Se te acabará el dolor cuando yo esté a tu lado —y me salté la siguiente parte—. No nos van a atrapar, estaremos bien —otra vez dejé una frase sin decir—, por nosotros, por nosotros… —realmente esperaba que Tom entendiera el mensaje; antes de que empezara de nuevo a cantar, él estaba parado más cerca de mí— … el futuro acaba de empezar en el lado oscuro del sol —yo, yo era el lado oscuro del sol, ¿no era evidente?

Esa fue la primera parte solamente; la canción que venía a continuación era aquella en que pediría perdón. Con lentitud me quité la chaqueta, quedando solo con la camiseta oscura y todas las joyas encima.

Antes de empezar a cantar, cerré los ojos y dejé que la emoción me embargara. Mi cuerpo, llevado por las notas, se volteaba inconscientemente hacia el lado donde él tocaba la guitarra y al empezar la segunda parte de la canción solo empecé a marchar hacia donde estaba, pero, al pasar por su lado, él dio un paso adelante, evitando encontrarme: “Está bien, Tom, todavía no es el momento”. Seguí cantando junto al micrófono que él usaba para los coros: mi Tom tenía que regresar ahí.

Una lágrima amenazaba con salir y arruinar mi maquillaje mientras cantaba: Trenes en el cielo, viajando a través de fragmentos de tiempo, me llevan a partes de mi mente que nadie puede hallar. Y entonces él vino hacia donde estaba, y yo hacia él, hice como que seguía, pero me volteé y él me enfrentó al fin, y le canté directamente, inclinándome hacia él, casi de rodillas:

Estoy listo para caer, estoy listo para arrastrarme en mis rodillas y aprenderlo todo, estoy listo para sanar, estoy listo para sentir… —él podía ver mi sinceridad, mi expresión triste que le decía “Lo siento; por favor, perdóname. Entiende que solo a ti te amo” y sus caderas se movían hacia la guitarra de la misma forma en que lo hacía cuando podía sentirme dentro suyo… ¡tal vez hubiera esperanzas para mí esta noche! Volví a mi lugar en el centro del escenario, más feliz, y el público lo notó.

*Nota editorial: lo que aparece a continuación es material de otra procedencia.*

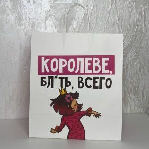 Пакет подарочный "Королеве" 22х22х11 см. крафтовый с приколом для жены, подруги, любимой
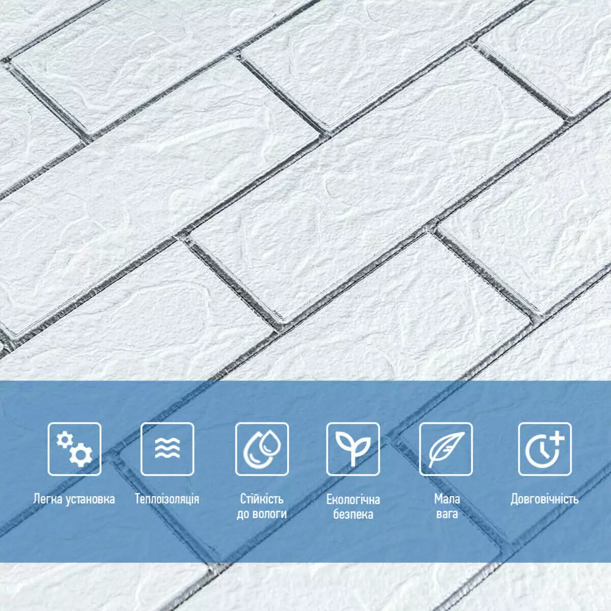 3D панелі самоклеючі – декоративне покриття для стін, виконане з легкого та міцного матеріалу – пористого поліпропілену (ППП). Основна особливість – рельєфний малюнок у вигляді цегли у широкому різноманітті кольорів та наявність клейового шару, що дозволяє встановити панелі без необхідності застосування додаткових матеріалів.

La próxima canción era Automatic, y ahí también fui hasta él para cantar un trozo: Es automático contar autos en una encrucijada: ellos vienen y van, como tú. Es automático mirar caras que no conozco, borrar tu cara…. ¿Él había entendido? Los dos hemos dicho lo que significa esa canción: en el amor, no funciona lo automático, y lo mío con… aquella mujer… fue automático, sin amor, pero solo la cara de Tom estaba delante de mí, en mi mente, cuando se trataba de sentimientos y verdadero placer.

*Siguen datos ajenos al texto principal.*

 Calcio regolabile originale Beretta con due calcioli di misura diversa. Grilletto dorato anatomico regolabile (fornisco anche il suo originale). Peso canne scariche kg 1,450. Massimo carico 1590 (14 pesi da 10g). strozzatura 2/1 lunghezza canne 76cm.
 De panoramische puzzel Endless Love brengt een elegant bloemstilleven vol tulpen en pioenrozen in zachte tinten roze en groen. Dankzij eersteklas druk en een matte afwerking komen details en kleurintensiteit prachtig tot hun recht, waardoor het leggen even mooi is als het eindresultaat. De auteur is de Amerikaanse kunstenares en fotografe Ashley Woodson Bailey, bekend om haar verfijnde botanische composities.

Así terminó nuestro show, con gritos, histeria y fanatismo: nos esperaba el descanso en nuestras habitaciones.

Yo caminaba tras él por pasillo del hotel: su habitación estaba primero que la mía, y dije “Que duermas bien, Tom” antes de mirarlo a los ojos, y ahí estaba esa chispa: agarró mi chaqueta y me haló hacia él.

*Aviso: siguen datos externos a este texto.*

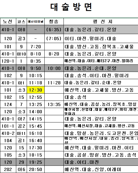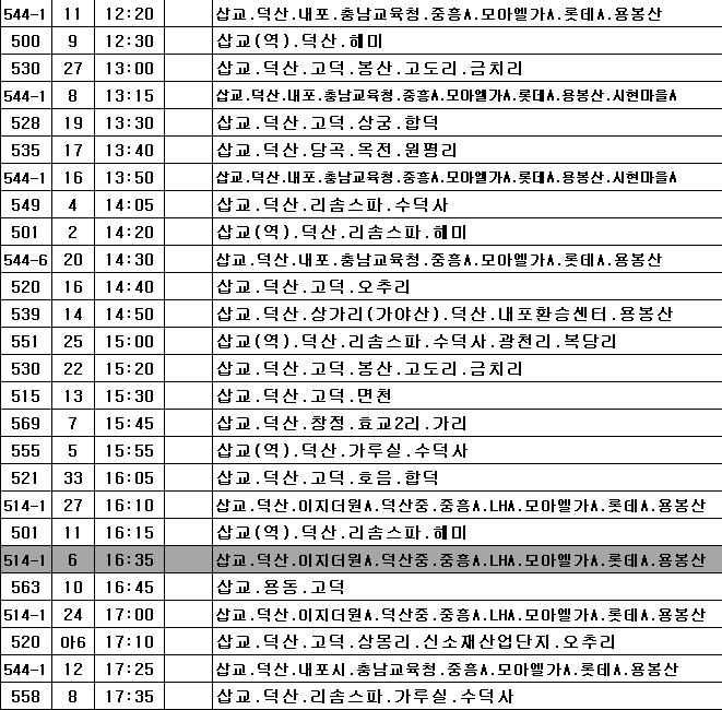 - 300~600번대(농촌 읍면) : 응봉, 광시, 삽교, 덕산, 오가 등, 하루 1~2회
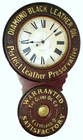 Baird Clock Co., Plattsburgh, New York, advertising wall clock for "DIAMOND BLACK LEATHER OIL Perfect Leather Preservative WARRANTED SATISFACTORY The Globe Oil Co. Cleveland O." The movement is 8 day time only spring driven in a typical Baird paper mache

—Entra aquí, Bill, ¡ahora!

Por supuesto, me dejé arrastrar adentro. Tom me soltó para cerrar la puerta y yo caminé hacia el sofá de su suite; me senté.

—Como siempre, te dan la mejor habitación.

—No siempre, recuerda Sudáfrica… —él sonreía, ¡oh, sí, sonreía! Lo vi caminar hacia el minibar y sacar dos cervezas; abrió una y me la dio; yo no sabía qué pensar ni qué decir, tenía miedo de romper la atmósfera, así que dejé que él tomara la iniciativa. Antes de tomar un trago brindó conmigo chocando las botellas—. Esta noche… fue un buen show.

—Lo fue —asentí y después bebí un trago largo.

—Y tú… estabas especialmente sexy.

—También tú —le lancé mi mejor sonrisa.

—Todas gritaron enloquecidas cuando te quitaste la chaqueta. ¿Te la quitas ahora… para mí?

Pues claro que me la quitaría, con gusto. Todo lo que él pidiera. Puse la botella en la mesilla, me saqué la chaqueta y luego las joyas, quedando en camiseta y leggins. Cuando volví a sentarme, él soltó también su botella y se acercó a mí; sus manos se posaron en mis hombros y empezaron a acariciarme desde los hombros hasta los brazos, y de regreso. Yo quería tomar sus labios en los míos, pero temía ser rechazado de nuevo.

Él empezó a besar mi cuello, y yo a gemir sin contén. Mis manos empezaron a acariciar también: su espalda, sus brazos; las ropas de los dos ya estaban sobrando, así que nos las fuimos quitando uno al otro. Nos paramos mientras nos acariciábamos, y él atrapó mi boca, ¡oh, sí, él me estaba besando! Disfruté cada uno de esos besos y gemí de gozo.

Nos acercamos a la cama. Por su comportamiento, supe que Tom quería que yo le hiciera el amor, así que me apliqué a hacer mi mejor papel como amante y darle todo lo que me bullía dentro por él.

&

Él se había quedado dormido; no sobre mi pecho como acostumbraba a hacerlo, pero sí muy cerca de mí. No me había echado de su cama al terminar, como en los días anteriores ¡y me había besado! ¿Eso significaba que su enojo estaba pasando? ¿Qué empezaba a perdonarme? Tendría que esperar a que despertara para que habláramos, y saber a qué atenerme.

.

TOM

Lo miré mientras empezaba a despertar: con ese corte de pelo y sus nuevos piercings en el rostro había dejado bastante atrás su apariencia casi femenina: él era mi hombre, y nunca dejaría de serlo por más que intentara odiarlo; así como era mi hermano gemelo por más que a los dos nos haya resultado tan difícil aceptar que siéndolo también nos amáramos de otro modo.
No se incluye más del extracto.